▶ _Directions for this task_: Produce a faithful copy of the data, one that leaves out the pictures.

▶ _Dataset extract_:
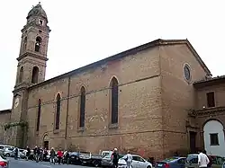 Tradition holds that some hermits lived at the site in 770; the site then acquired an aedicule with the icon of the Mantellini. A church and convent of the Carmelites developed at the site and was documented since about 1265.[1] At this time, the church was outside the walls of the medieval city, outside the Porta de Due Porte, also called the Gate of Stalloregi and the Arco di Santa Lucia. In the 14th-century, the convent was engrossed by the Walls of Siena.[2] The church and bell-tower as we see it today was designed by Baldassare Peruzzi in 1517; work continued on the church until the 17th century. Later it became a military barrack.
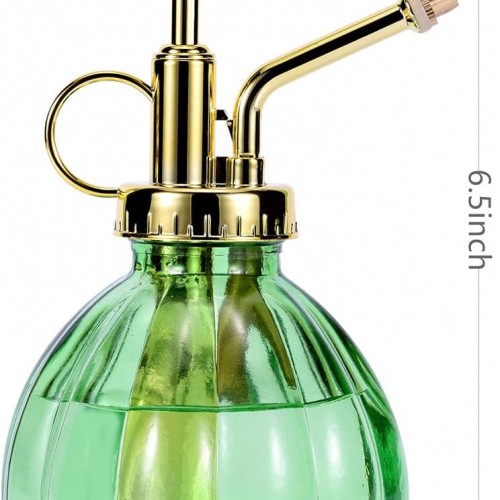 Glass Plant Mister Spray Bottle, 6.5″ Green Glass Water Spray Bottle with Gold Top Pump Small Watering Can, Small Plant Sprayer Mister for Indoor Outdoor House, Green+Gold (Green+Gold C)
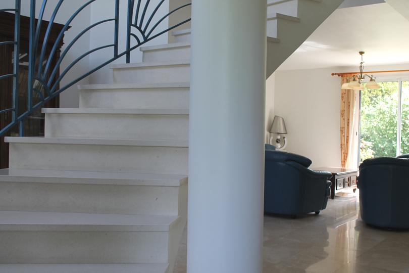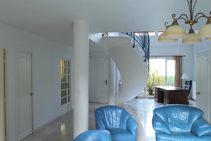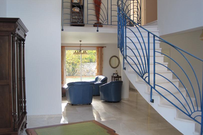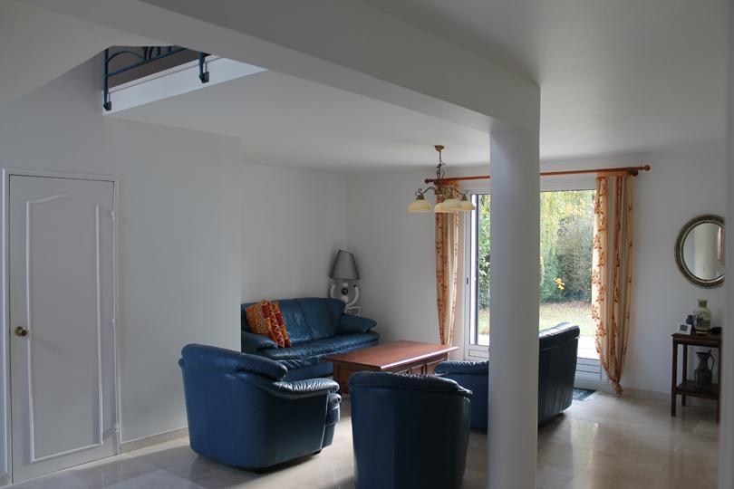 Séjour traversant (nord/sud) partiellement cathédrale et carrelé de marbre avec accès à la terrasse et au jardin |

▶ _Response to the task_:
 Tradition holds that some hermits lived at the site in 770; the site then acquired an aedicule with the icon of the Mantellini. A church and convent of the Carmelites developed at the site and was documented since about 1265.[1] At this time, the church was outside the walls of the medieval city, outside the Porta de Due Porte, also called the Gate of Stalloregi and the Arco di Santa Lucia. In the 14th-century, the convent was engrossed by the Walls of Siena.[2] The church and bell-tower as we see it today was designed by Baldassare Peruzzi in 1517; work continued on the church until the 17th century. Later it became a military barrack.
 Glass Plant Mister Spray Bottle, 6.5″ Green Glass Water Spray Bottle with Gold Top Pump Small Watering Can, Small Plant Sprayer Mister for Indoor Outdoor House, Green+Gold (Green+Gold C)
 Séjour traversant (nord/sud) partiellement cathédrale et carrelé de marbre avec accès à la terrasse et au jardin |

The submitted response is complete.